Among the genes that appeared to be most highly expressed in DU145/TG cells on microarray (Table 2), we further confirmed expression of FS, TACST1, and STC2 by Northern blot analysis and real-time PCR (Fig. 6). TACST1 and STC2 have been implicated in cellular Ca2+ metabolism, and may potentially play a role in the adaptive response to TG-mediated dysregulation of Ca2+ homeostasis in DU145 cells. However, their biological relevance is difficult to ascertain in this model because, due to the limitations already noted, we were unable to determine whether an increase in TACST1 or STC2 protein also occurred in the DU145/TG cells. We did observe increased immunoreactivity with anti-FS antibody in the DU145/TG cells (Fig. 7). By interacting with members of the TGFβ family, particularly activins and bone morphogenetic proteins, FS modulate/inhibit their actions.39 In DU145 cells, others studies have shown that FS blocks the growth inhibitory effects of activin A.40 At present we do not know whether activins are also modulated by TG treatment or TG selection, but an increase in FS may represent 1 adaptive response by the DU145/TG cells that allows them to maintain continued growth in TG. Although these genes may be part of an adaptive response to TG, they are unlikely to play a significant role in mediating TG resistance because DU145/TGR cells continue to be highly resistant in the absence of enhanced FS, TACST1, or STC2 expression.

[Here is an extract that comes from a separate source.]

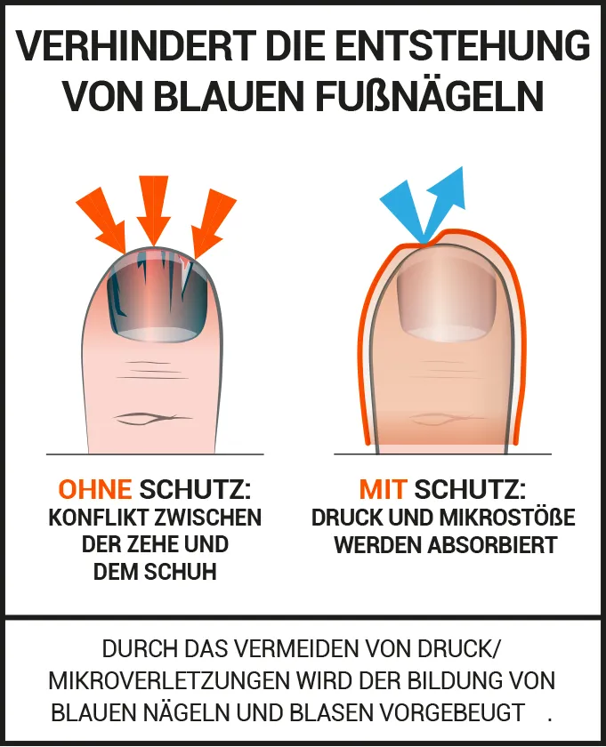 Diese Schutzkappen wurden speziell für Sportarten entwickelt, bei denen die Zehen wiederholten Stößen gegen den Schuh ausgesetzt sind. Sie verringern den Druck auf die Zehennägel und dämpfen Mikrostöße.

The significant overexpression of SERCA in PC3/TG cells noted on microarray correlated with increased SERCA protein in these cells, whereas this was not the case with ARPC3, which is highly expressed in PC3/TG cells at the RNA level (Table 1) but not the protein level (Fig. 5). Although an increase in SERCA can lead to relative resistance to TG, the known stoichiometric relation between SERCA content and TG inhibition12 suggests additional factor(s) are also likely involved to account for the high levels of TG resistance in the PC3/TG cells. Of the over 8000 genes analyzed by microarray, those overexpressed by a factor of 2-fold or greater (e.g., SERCA, ARPC3, mevalonate kinase [MK], β-microseminoprotein [β-MSP], and membrane type-2 matrix metalloproteinase [MMP15]) in PC3/TG cells (Table 1) are essentially not up-regulated in DU145/TG cells. Similarly, the highly up-regulated genes in DU145/TG cells (e.g., FS, TACST1, STC2) are not so in PC3/TG cells. The cellular functions modulated by FS, TACST1, and STC2 are quite distinct from that modulated by MK, β-MSP, MMP15, and ARPC3. Even though PC3 and DU145 cells are both of prostate origin and androgen-independent, it is not readily apparent why they have such a diverse response with respect to their gene expression profiles when selected for a common phenotype, i.e., TG resistance. Whereas some of the genes may be necessary for the PC cells to survive in TG, modulation of other genes may simply represent an epiphenomena of the selection process and not required for cell survival in TG.

In summary, the results of the current study demonstrated that highly TG-sensitive PC cells can be selected for resistance to this drug. Genes other than PGP or SERCA are modulated during selection for TG resistance. Further, a cell type-specific pleiotropic response with respect to gene expression occurs in the 2 independently selected PC cell lines. Although other target genes likely exist and could potentially be identified if a whole genome microarray were used, our analysis reveals the multiple and different effects of TG on the genome of PC cells as they adapt to the inhibitory actions of TG. Conceivably, a subset of the altered genes may contribute to the selected cells' ability to maintain growth and division in TG. However, the specific gene(s) mediating TG resistance in this model have yet to be identified and studies are currently in progress to clarify these pathways of resistance in the PC cells.